Some caveats and disclaimers: 1) Our work with the VIIRS data is by no means exhaustive or comprehensive. So feel free to take a crack at it yourself.  2)  The VIIRS Nightfire product is still experimental, and fires can be obscured by clouds and go undetected. And this is a pretty cloudy part of the world.  3)  There are lots of fires in this area: gas flaring from the many offshore oil platforms in the Gulf of Thailand, intentional fires set to clear land for farming, and wildfires.  

Anyway, we’ve found a few interesting things during our cursory look at the Nightfire detections. Please share this with anyone who might be in a position to actually use this information.

Overview showing all Nightfire detections on March 8, 2014. Bold orange line shows our approximation of the expected flight path from Kuala Lumpur to Beijing.  Bold red line shows our approximation of the deviation from that flight path that was suggested by eyewitness reports of a jet flying low over Kota Bharu, and Malaysian military radar contact of an unidentified aircraft near Pulau Perak Island. Other points of interest marked and explained in a previous blog post





Gulf of Thailand — we only found one combustion source we can’t confidently explain, although it’s in the general vicinity of offshore oil platforms that are flaring gas on a regular basis, and Landsat-8 imagery indicates there may be a platform at this location:

Detail showing all Nightfire detections for March 5 – March 11 over Gulf of Thailand. All but one of these sources (see below) is persistent, occurring on multiple days; they are probably gas flares at offshore oil platforms.
Location and temperature information for the only single-night combustion source detected in the Gulf of Thailand near the expected flight path. Fire detected by VIIRS on March 8 at 18:36 GMT, 21 hours after last ATC contact with the flight.  A persistent multi-night combustion source 11 nautical miles north-northwest of this location is probably a large manned oil platform.
Western Deviation — we found three single-night combustion events detected by VIIRS in very rugged, remote, forested areas along our approximation (red line) of the supposed western deviation from the flight path:

Nightfire detections of combustion sources along the supposed western deviation (approximated by red line) from the flight path.
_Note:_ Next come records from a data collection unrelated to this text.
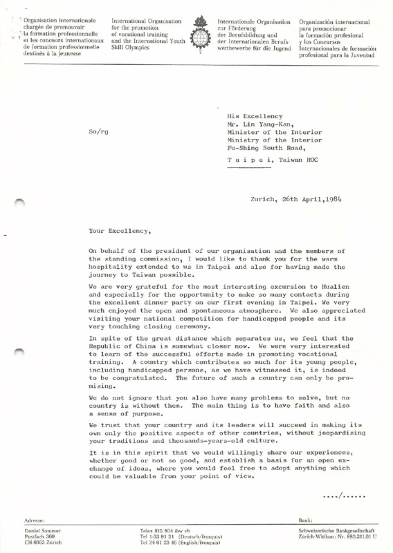 - Letter from Daniel Sommer to His Excellency Mr. Lin Yang-Kan (Minister of the Interior, Taiwan), 26/04/1984 (EN)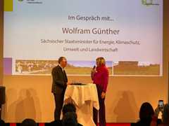 Zum Auftakt sprach Moderatorin Katrin Fahrenkrug mit dem sächsischen Staatsminister für Energie, Klimaschutz, Umwelt und Landwirtschaft Wolfram Günther unter anderem darüber, welche Initiativen es seitens des Freistaates bereits gibt, um regional erzeugte Lebensmittel auch in der Region weiterverarbeiten und vor allem verkaufen zu können, welche Maßnahmen zur Stärkung regionaler Wertschöpfung vom Landwirtschaftsministerium angeschoben sind oder noch angeschoben werden sollen. Wolfram Günther ging danach auch in den direkten Dialog und beantwortete geduldig die Fragen der Zuhörerinnen und Zuhörer.
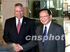 唐家璇與鮑威爾會談 中國領導人隨后會見鮑威爾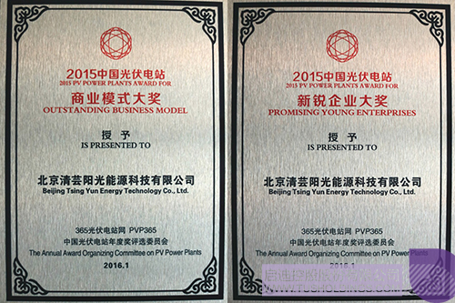 2015年,荣获“中国光伏电站新锐企业大奖”、“中国光伏电站商业模式大奖”。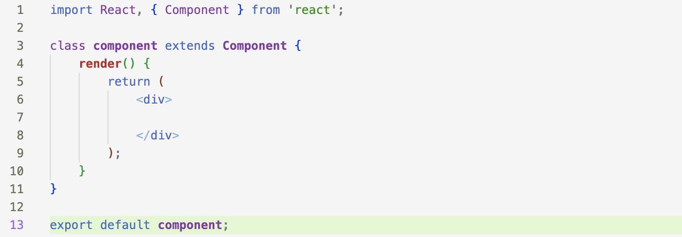 클래스 컴포넌트 (rcc라는 단축어로 만든 컴포넌트) 안을 살펴보면 두 가지 부분으로 나눌 수 있는데, 아래와 같다.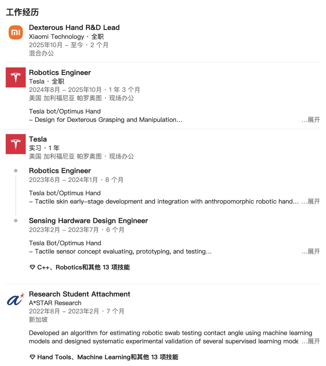 在特斯拉工作的 2 年多时间内,他深度参与Optimus 机器人的手部研发,包括触觉传感器开发、灵巧抓取与操作、手部结构设计等关键技术——工作履历对口堪称完美。

Dark green shows large areas of thick forest.

Isolated, single-night combustion source on a remote peak in rugged forested terrain of western Malaysia, detected by VIIRS on March 8 at 18:36 GMT.  See below for location.
Location and temperature information for combustion source shown above.
A second isolated, single-night combustion source in rugged forested terrain of western Malaysia, detected by VIIRS on March 9 at 18:18 GMT.  See below for location.
Location and temperature information for second combustion source, shown above.
A third single-night combustion source on a peak in rugged forested terrain of western Malaysia, detected by VIIRS on March 9 at 18:18 GMT.  See below for location.
Location and temperature information for third combustion source, shown above.


Cambodia – if Flight MH370 actually crossed the Gulf of Thailand and came down on land somewhere along the expected flight path to Beijing, there are large, remote blocks of dense forest where it could have “disappeared.”  We found several single-night combustion sources in Cambodia that meet these conditions, and show one of these below (to repeat, we have not done an exhaustive analysis, and are providing this work only as an example of what can be done with publicly available satellite data — and what we hope is being done, in a rigorous and systematic way, by the authorities conducting the search):


Nightfire detections for March 5 – March 11 along expected path of Flight MH370 (approximated by orange line) as it traveled from Kuala Lumpur to Beijing. Heavily forested areas are dark green.
Location and temperature information for a combustion source detected by VIIRS on March 8 at 18:34 GMT, on a densely forested, isolated ridge in north-central Cambodia, shown above.